What the task asks.
Restate each of the lines below word for word and drop every picture.

Provided material.
╭──
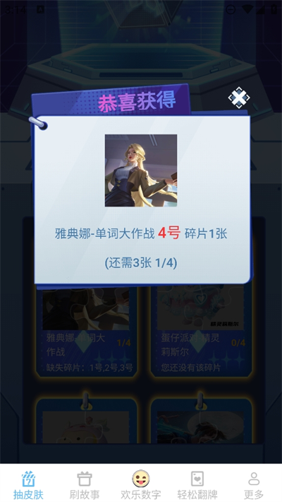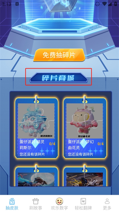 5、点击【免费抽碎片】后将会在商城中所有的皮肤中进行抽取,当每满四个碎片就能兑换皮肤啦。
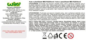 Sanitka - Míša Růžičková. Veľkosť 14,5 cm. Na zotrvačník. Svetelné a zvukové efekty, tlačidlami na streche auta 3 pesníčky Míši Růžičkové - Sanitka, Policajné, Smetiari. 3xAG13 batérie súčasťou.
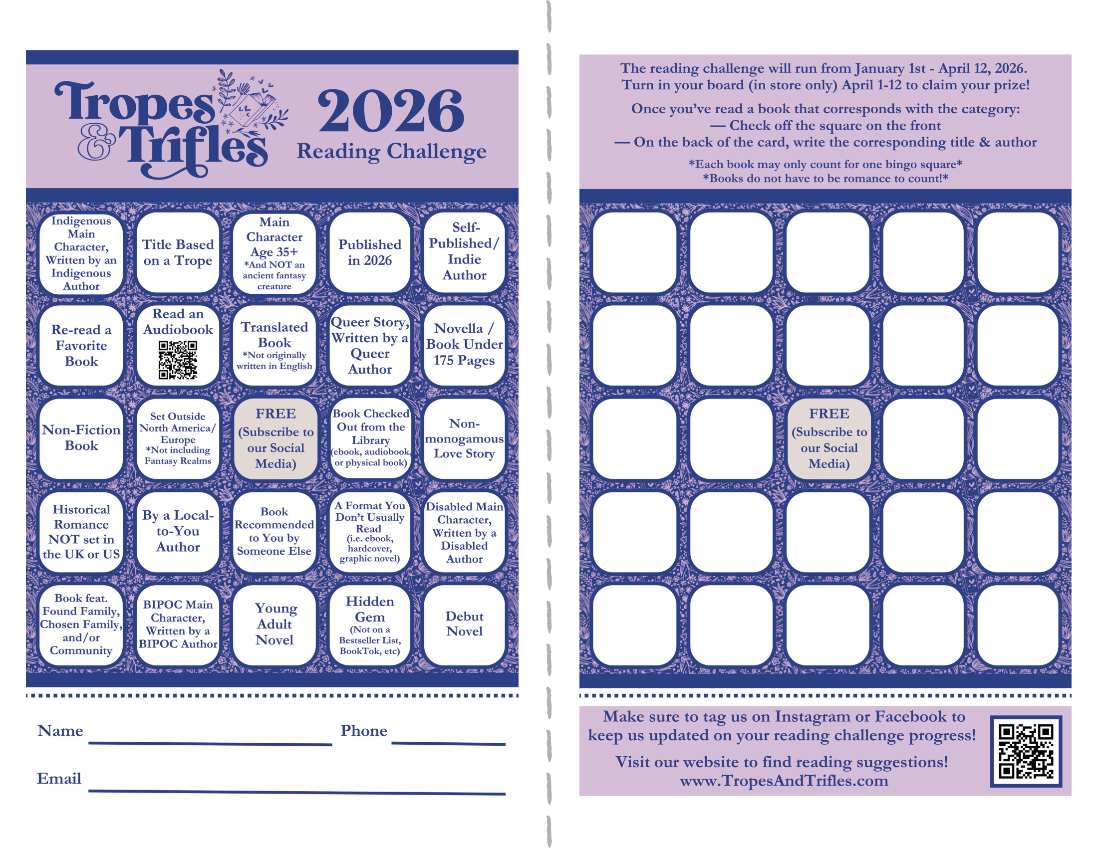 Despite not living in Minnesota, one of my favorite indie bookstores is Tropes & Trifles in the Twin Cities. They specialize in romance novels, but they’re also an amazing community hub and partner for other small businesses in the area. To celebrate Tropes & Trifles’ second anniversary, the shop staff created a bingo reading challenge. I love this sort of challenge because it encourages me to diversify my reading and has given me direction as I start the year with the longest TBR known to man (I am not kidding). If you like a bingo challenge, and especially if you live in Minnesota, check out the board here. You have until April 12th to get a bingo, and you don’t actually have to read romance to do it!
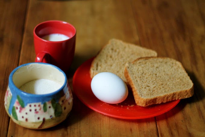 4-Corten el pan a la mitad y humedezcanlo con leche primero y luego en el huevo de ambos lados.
╰──
Result of the task.
 5、点击【免费抽碎片】后将会在商城中所有的皮肤中进行抽取,当每满四个碎片就能兑换皮肤啦。
 Sanitka - Míša Růžičková. Veľkosť 14,5 cm. Na zotrvačník. Svetelné a zvukové efekty, tlačidlami na streche auta 3 pesníčky Míši Růžičkové - Sanitka, Policajné, Smetiari. 3xAG13 batérie súčasťou.
 Despite not living in Minnesota, one of my favorite indie bookstores is Tropes & Trifles in the Twin Cities. They specialize in romance novels, but they’re also an amazing community hub and partner for other small businesses in the area. To celebrate Tropes & Trifles’ second anniversary, the shop staff created a bingo reading challenge. I love this sort of challenge because it encourages me to diversify my reading and has given me direction as I start the year with the longest TBR known to man (I am not kidding). If you like a bingo challenge, and especially if you live in Minnesota, check out the board here. You have until April 12th to get a bingo, and you don’t actually have to read romance to do it!
 4-Corten el pan a la mitad y humedezcanlo con leche primero y luego en el huevo de ambos lados.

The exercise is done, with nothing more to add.